I was already fumbling with getting my shirt buttoned, and having her ask such questions, when all I wanted was to never hear her voice again, got me aggravated to the point of maliciousness. If such words existed, and if I could have found them, I would have spoken the incantation to wipe her forever from my memory, as well as from the living world itself. I said, “That’s not how it works. We had an agreement. You got your money. If you wanted more, you should have negotiated better when you had the chance.”
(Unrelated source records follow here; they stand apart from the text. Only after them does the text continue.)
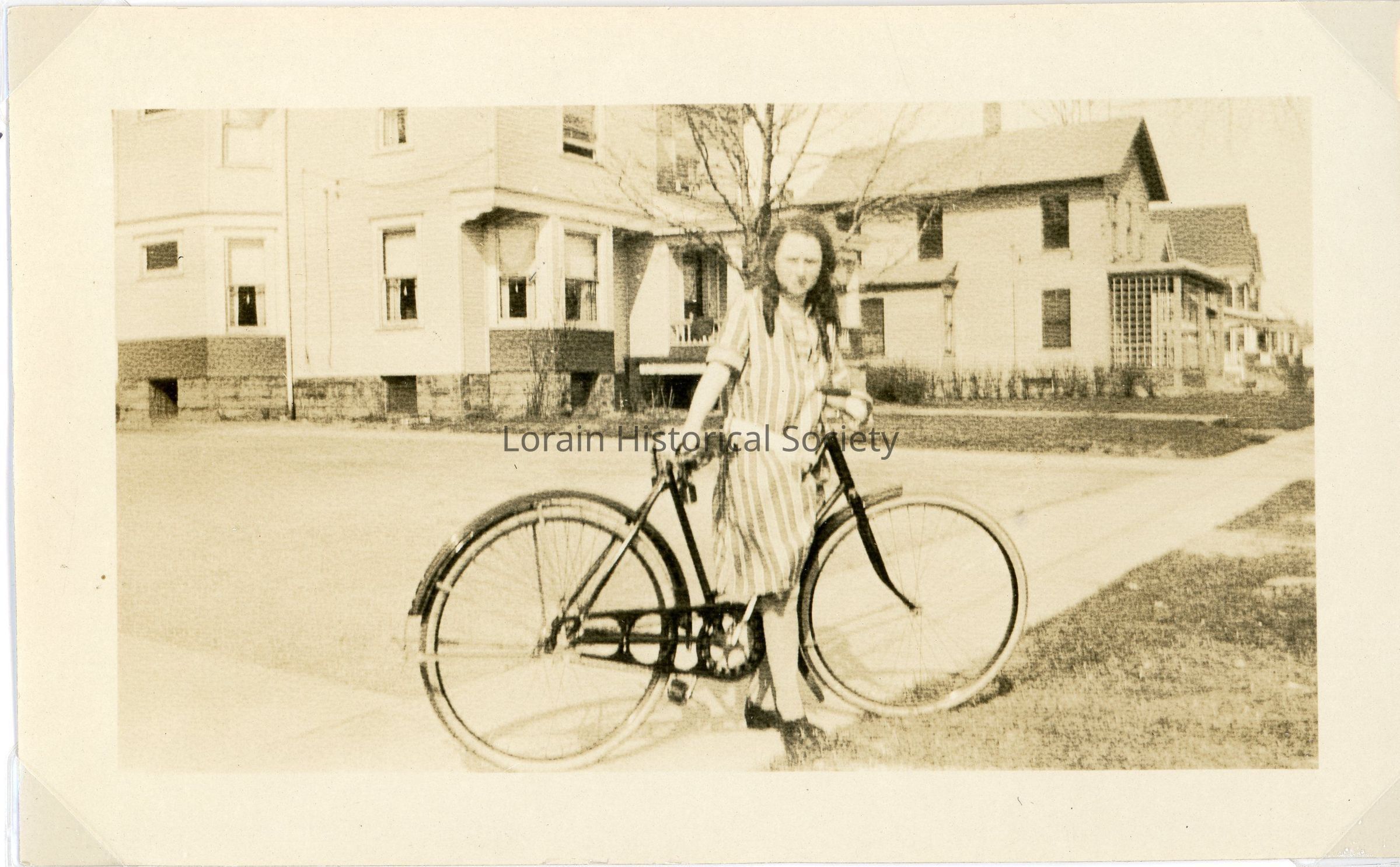 Photograph is black and white view of Jean Van Deusen, 1128 West Fifth Street; Next door is 1124 West Fifth Street, Clara L. and Herman E. Hageman home.Acquisition
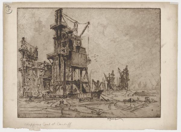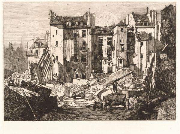 Maxime Lalanne made this etching, ‘Demolition for Tunnelling in the Boulevard Saint-Germain,’ using black ink on paper. The composition divides into a foreground of rubble and a background of skeletal buildings against a sky punctured by a distant dome and smokestack. The scene’s impact derives from the artist’s linear precision and the stark contrast between light and shadow. This print documents the urban transformations reshaping Paris during the Second Empire. Lalanne focuses on the raw materiality of the construction site, using dense, cross-hatched lines to convey the roughness of the stones and the instability of the half-demolished structures. The artist’s engagement with materiality extends beyond mere representation. The print challenges viewers to reconsider their relationship to the urban environment by exposing the chaotic processes beneath the city’s facade. The print functions as a symbol of progress and the cultural cost of modernization.
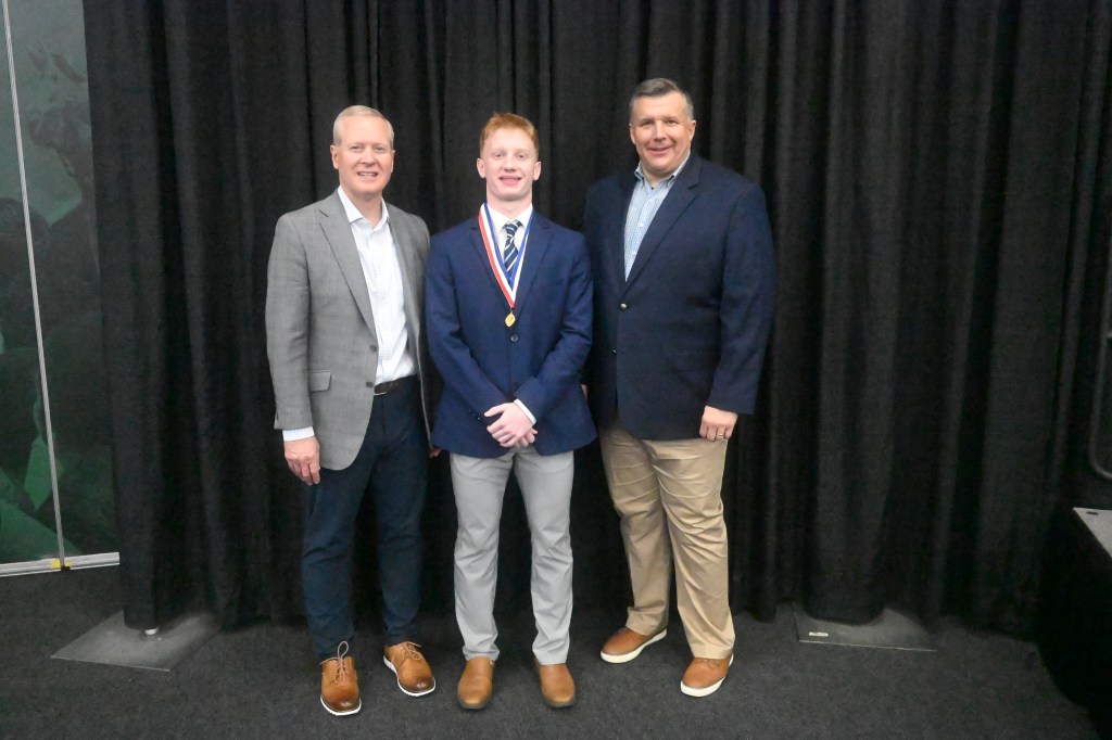 Shown with Ruddy are (from left): Don Simon, chief executive officer for Farm Bureau Insurance; and Mark Uyl, executive director of the MHSAA. Ruddy will receive a $2,000 scholarship from Farm Bureau Insurance to be used at the institution of higher learning he attends this fall. Farm Bureau Insurance awarded 32 scholarships, proportionately by school classification, to students with a 3.50 or higher (on a 4.0 scale) grade point average who have previously lettered in at least one sport in which postseason competition is sponsored by the MHSAA.

I blacked out briefly on the staircase, and when I came to I was in the middle of the front parlor with Dad standing between me and the door, a drunken smile stretched across his face. He seized me by the shoulders and shook me, looking around at the other patrons who weren’t paying the slightest attention to the scene we were making. I couldn’t look into his eyes, but I’m sure they were full of pride. He said, “There’s the man. How do you feel?”

My heart was beating like I had just gone up fifty staircases instead of coming down one. I said, “Good. I feel good.”

“Told you there wasn’t anything to it. Most natural thing in the world.”

“I think I’d like to leave now.”

“In a little while. I ran into some associates from Bakersfield over at the bar. Come have a drink and give us some details.”

“I can’t take any more drinking tonight.”

“It won’t kill you. Besides, you never forget your first drink after your first time.”

“I said I’d like to leave!”

Dad let go of my shoulders and backed away slowly. I think I startled the whole room with my outburst. The girls on the sofas were all looking around idly, as if they had never seen the wallpaper before, while the men at the bar, Dad’s so-called associates, were watching us with their eyebrows raised in cautious bemusement. Dad shook his head.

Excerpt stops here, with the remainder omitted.